### [What the exercise asks]
Taking the data below, please print only the lines from the line holding "3年生は,運動会でソーラン節" to the line holding "Nach Eingabe der", inclusive, with pictures omitted.

### [Exercise material]
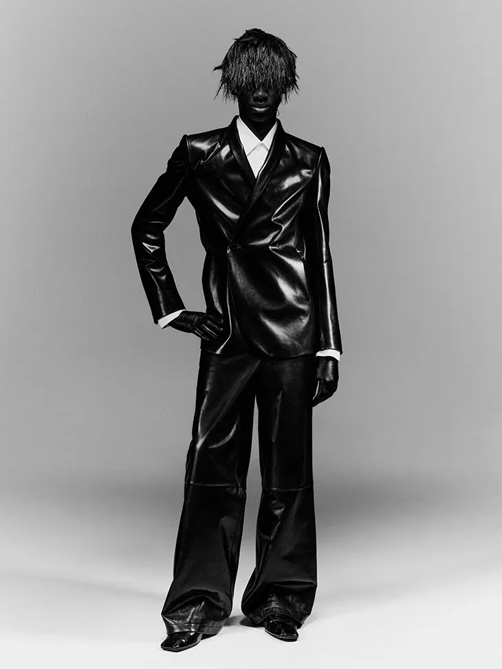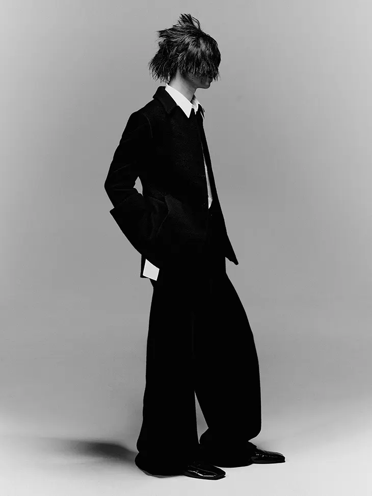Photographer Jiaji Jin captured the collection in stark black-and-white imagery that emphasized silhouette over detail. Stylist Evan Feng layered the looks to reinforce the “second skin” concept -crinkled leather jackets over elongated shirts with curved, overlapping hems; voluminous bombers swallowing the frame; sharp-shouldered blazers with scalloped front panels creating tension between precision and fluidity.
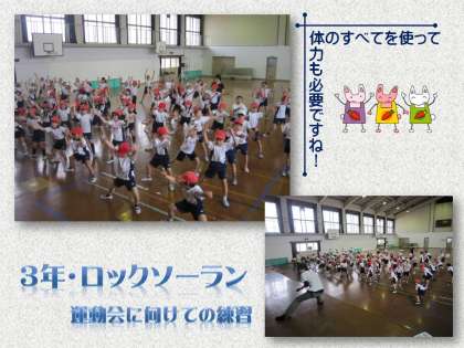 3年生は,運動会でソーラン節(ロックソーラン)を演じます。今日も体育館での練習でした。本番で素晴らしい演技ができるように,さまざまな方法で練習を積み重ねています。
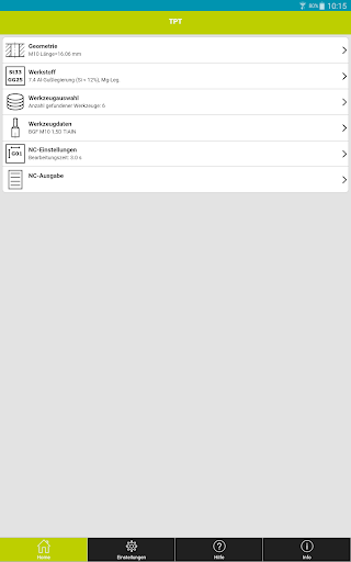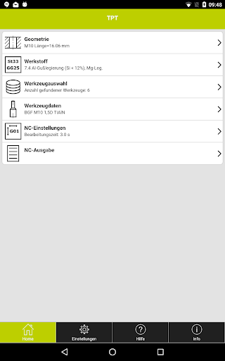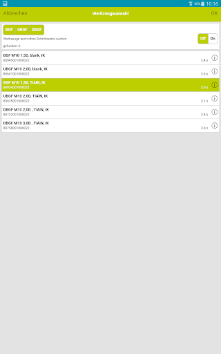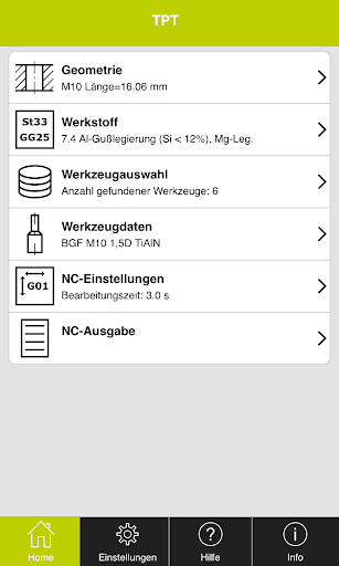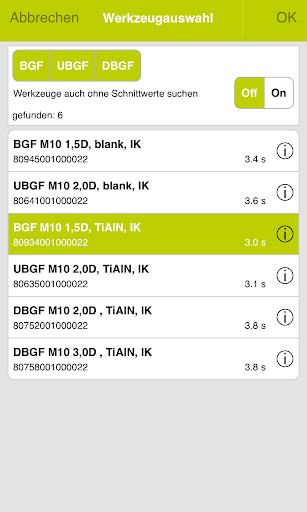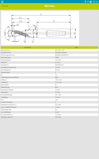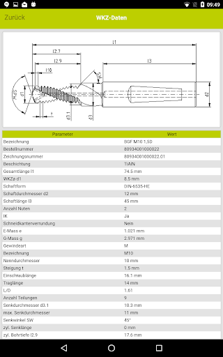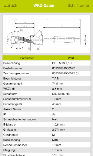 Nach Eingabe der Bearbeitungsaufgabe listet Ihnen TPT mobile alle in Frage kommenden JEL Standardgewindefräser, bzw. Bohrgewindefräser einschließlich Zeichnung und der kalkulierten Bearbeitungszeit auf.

==

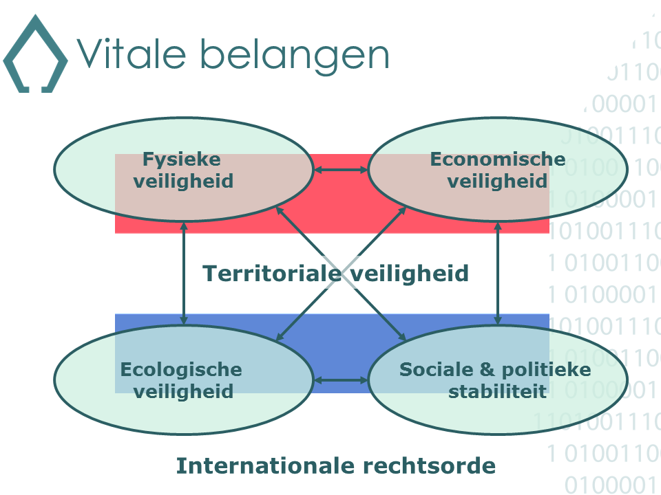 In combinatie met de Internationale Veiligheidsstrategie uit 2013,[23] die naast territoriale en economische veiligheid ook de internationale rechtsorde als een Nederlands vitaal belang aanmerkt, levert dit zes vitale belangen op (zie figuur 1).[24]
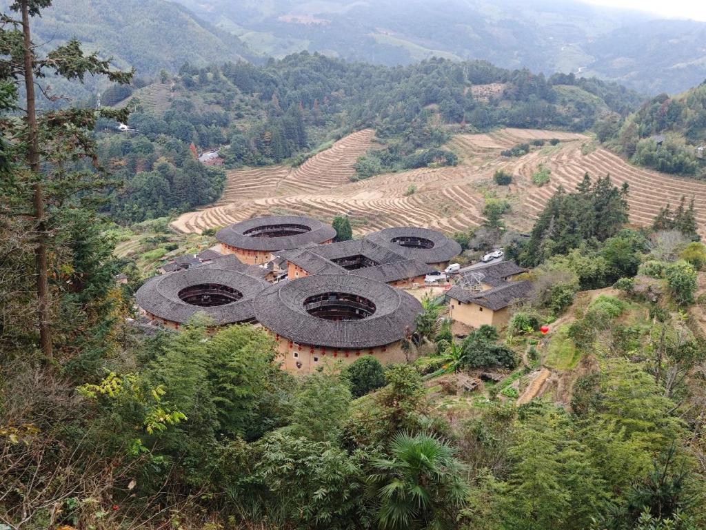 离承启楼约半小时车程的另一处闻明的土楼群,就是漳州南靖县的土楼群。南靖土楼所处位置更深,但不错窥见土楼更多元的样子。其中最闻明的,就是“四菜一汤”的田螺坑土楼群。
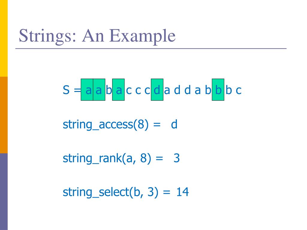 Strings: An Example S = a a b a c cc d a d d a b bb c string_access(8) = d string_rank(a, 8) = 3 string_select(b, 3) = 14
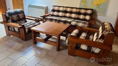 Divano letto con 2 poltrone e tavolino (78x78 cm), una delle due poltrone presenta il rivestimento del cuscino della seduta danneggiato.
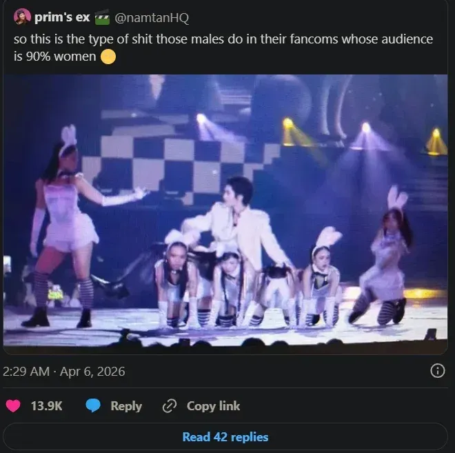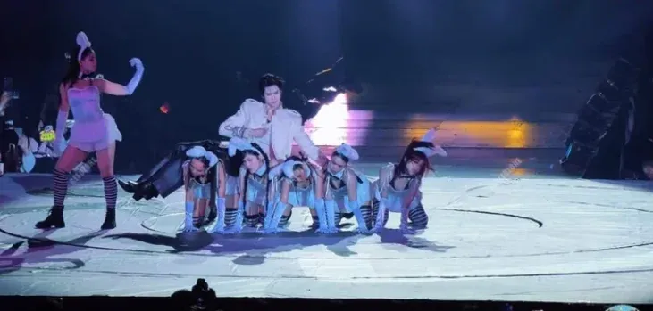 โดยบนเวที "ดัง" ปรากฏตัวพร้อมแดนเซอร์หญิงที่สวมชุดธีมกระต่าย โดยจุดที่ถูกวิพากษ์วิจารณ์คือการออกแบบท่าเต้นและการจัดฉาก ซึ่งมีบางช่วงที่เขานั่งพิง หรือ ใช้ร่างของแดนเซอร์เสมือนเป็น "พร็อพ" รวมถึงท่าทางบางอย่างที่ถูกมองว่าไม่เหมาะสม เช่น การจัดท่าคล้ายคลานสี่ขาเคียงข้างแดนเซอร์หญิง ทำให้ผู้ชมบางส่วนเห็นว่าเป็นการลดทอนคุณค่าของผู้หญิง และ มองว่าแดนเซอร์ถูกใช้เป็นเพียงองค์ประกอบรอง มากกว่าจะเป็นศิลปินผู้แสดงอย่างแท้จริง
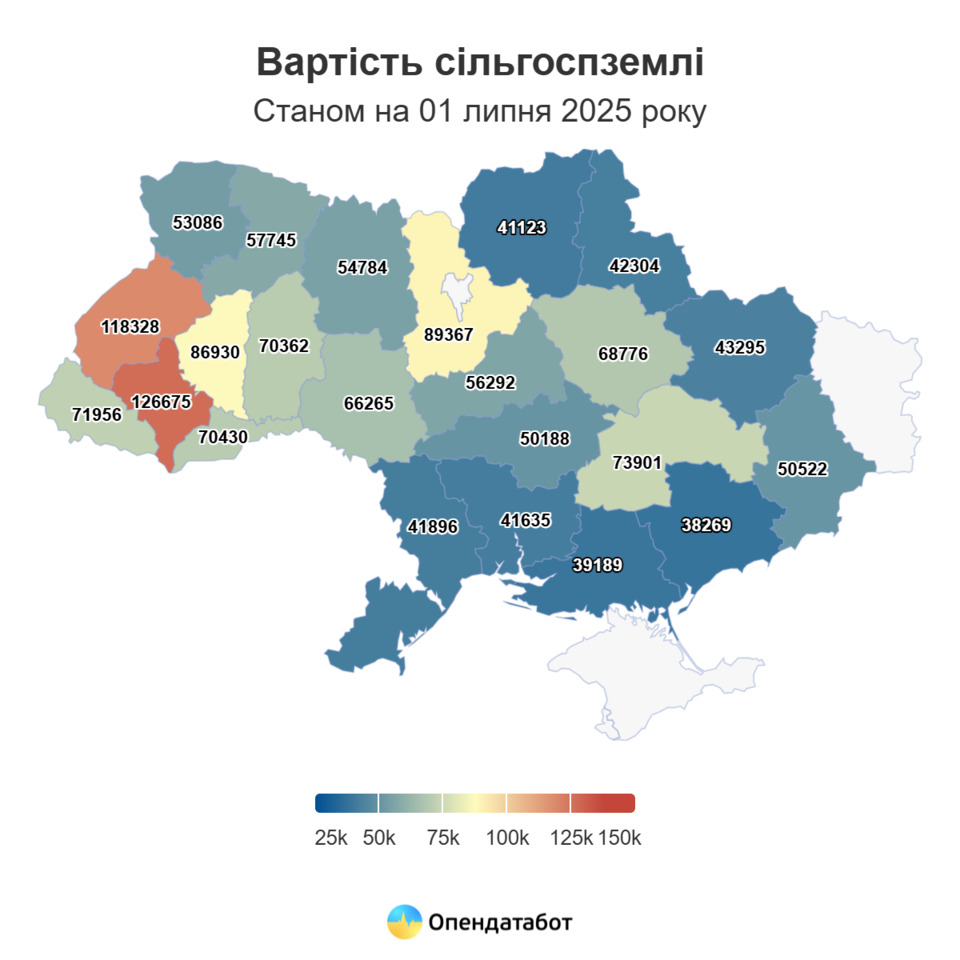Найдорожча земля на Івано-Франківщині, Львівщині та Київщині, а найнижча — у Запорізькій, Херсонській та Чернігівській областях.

...

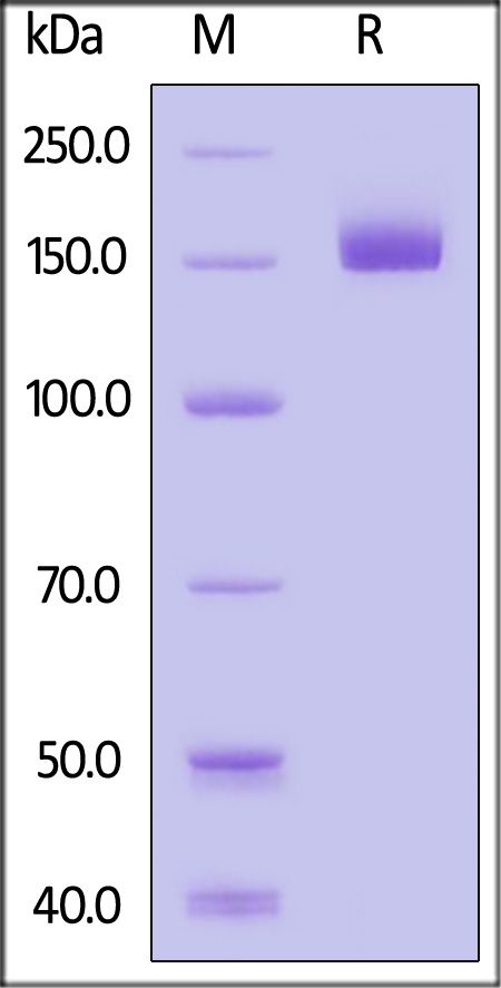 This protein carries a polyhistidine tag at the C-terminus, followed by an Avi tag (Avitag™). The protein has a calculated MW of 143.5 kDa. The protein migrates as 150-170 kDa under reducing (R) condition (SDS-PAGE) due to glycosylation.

### [Exercise answer]
 3年生は,運動会でソーラン節(ロックソーラン)を演じます。今日も体育館での練習でした。本番で素晴らしい演技ができるように,さまざまな方法で練習を積み重ねています。
 Nach Eingabe der Bearbeitungsaufgabe listet Ihnen TPT mobile alle in Frage kommenden JEL Standardgewindefräser, bzw. Bohrgewindefräser einschließlich Zeichnung und der kalkulierten Bearbeitungszeit auf.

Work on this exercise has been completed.